Clinical Presentation and Diagnosis

Clinical presentation

  • Symptoms are widely variable and depend on the mechanism of falsification.  
  • Usually presents with dramatic and bizarre clinical presentation that cannot be explained by conventional medical understanding
  • No response to usually effective medical or psychological interventions 
  • Common scenarios:
    • Recurrent episodes of hypoglycemia from auto-injection of insulin 
    • Recurrent infections of wounds
  • If missed, factitious disorders may lead to unintentional death.


The psychiatric interview must include collateral or external sources of information whenever possible. 
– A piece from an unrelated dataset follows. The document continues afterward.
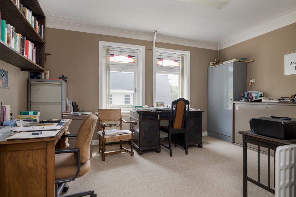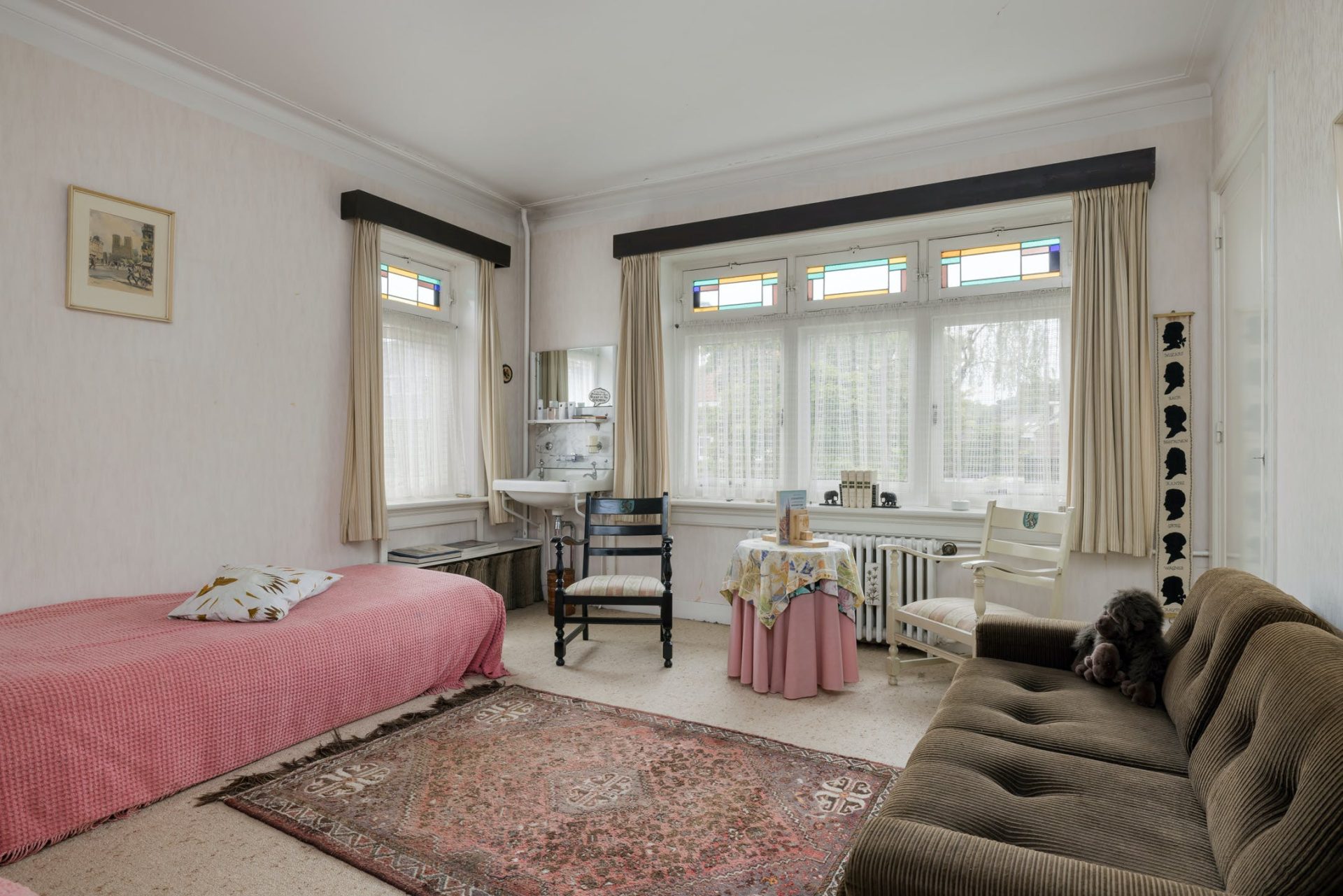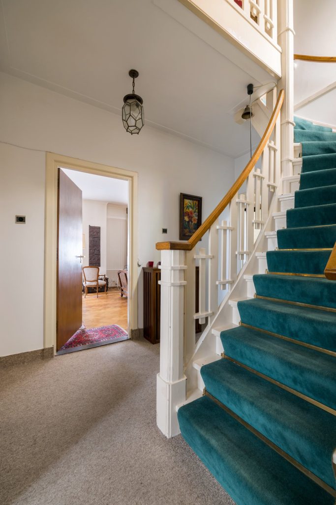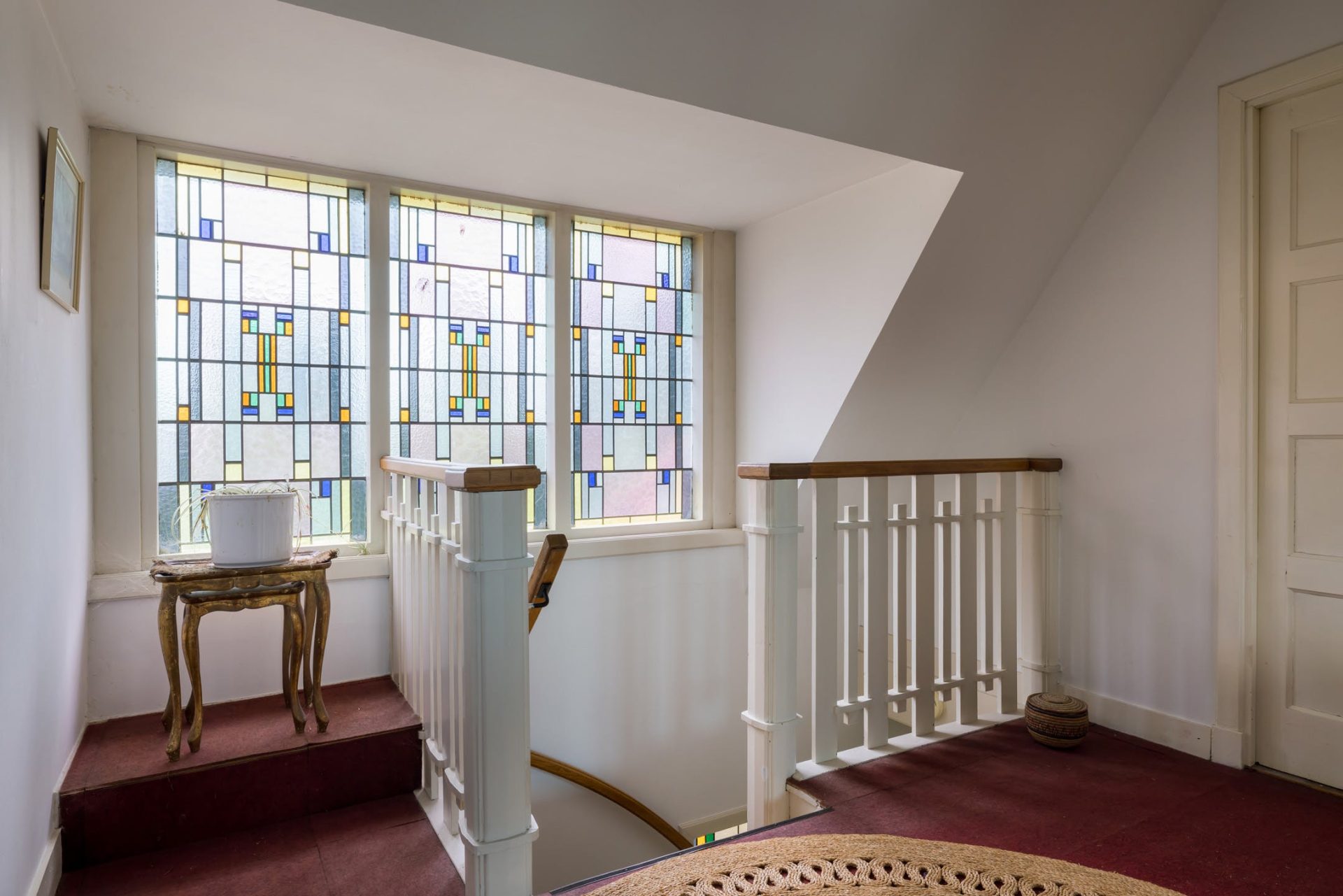 Op de tweede verdieping zorgt een dakkapel met drie kleurrijke glas-in-loodramen voor een overloop met fraai lichtinval. Achter de originele paneeldeuren zijn nog twee slaapkamers en een wasruimte gesitueerd. Zo heeft deze stadsvilla maar liefst vijf slaapkamers en heeft u ruimte om een tweede badkamer te realiseren.
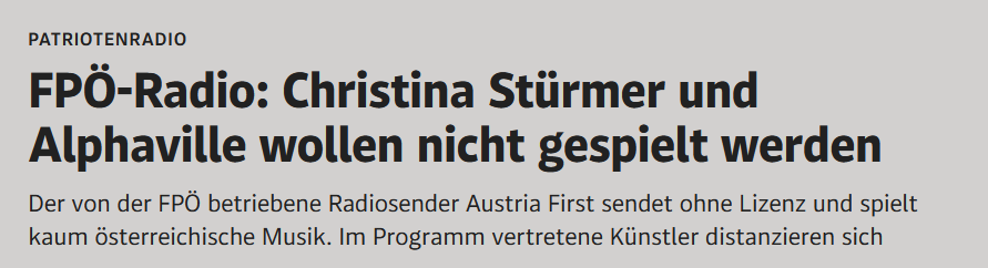 We will speak about the new webradio "Austria first", hosted and paid by the political party FPÖ, and, in particular, about Austrian musicians not wishing to be played there.

  • DSM-V diagnostic criteria for factitious disorder imposed on self
    • Fabrication of physical or psychological signs or symptoms, or distortion of injury or disease, associated with identified deception
    • Presents to others as ill, impaired, or injured 
    • Deceptive behavior is evident in the absence of obvious secondary gains. 
    • The behavior does not coexist with another mental disorder.
  • DSM-V diagnostic criteria for factitious disorder imposed on another individual
    • Also known as Munchausen syndrome by proxy 
    • The person fabricates symptoms in another person and then presents that person to others as ill, impaired, or injured. 
    • Deceptive behavior is evident in the absence of obvious secondary gains. 
    • Remember: This diagnosis is made for the person who is fabricating the symptoms, not the person being presented as ill.
Table: Features of factitious disorder compared with important differential diagnoses
Willingness to undergo evaluationIntentional deceptive behaviorEvidence of external reward
Illness anxiety disorder+
Somatic symptom disorder+
Factitious disorder++


  • Management of factitious disorders should be focused on 3 principles: 
    • Reduce risk of morbidity and mortality.
    • Address underlying psychiatric illness.
    • Beware of legal/ethical implications. 
  • Confront the patient in a nonthreatening manner:
    • Videographic evidence of devious behavior may assist in facilitating conversation, as patients may deny their behavior. 
    • Patients should be referred for psychotherapy.
    • Caution must be exercised during confrontation, as therapeutic rapport may be lost and the patient may seek another provider. 
  • Avoid unnecessary procedures.
  • Factitious disorder imposed on another person warrants a referral to child protective services or appropriate judicial department!
  • Prognosis is poor and treatment should be focused on managing rather than curing the disorder.

Differential Diagnosis

  • Conversion disorder: the presence of symptoms or deficits that affect voluntary motor or sensory function in a way that suggests a neurological condition but is not explained by medical findings. Diagnosis is clinical, and management includes psychological and physical therapy. Unlike factitious disorder, there is no evidence of actual disease or deliberate falsification of symptoms.  
  • Borderline personality disorder: the most commonly recognized personality disorder. Characterized by emotional instability, impulsiveness, distorted patterns of thinking, and intense yet unstable relationships. Diagnosis is clinical and management includes psychotherapy, notably dialectical behavior therapy (DBT). A patient with borderline personality disorder may deliberately induce injury as part of attention-seeking behavior. They will not attempt to deceive the provider. 
  • Malingering: a disorder in which patients present with symptoms for secondary gain (e.g., avoiding the police, time off work, disability benefits). Determination of the external incentive distinguishes malingering from factitious disorder. 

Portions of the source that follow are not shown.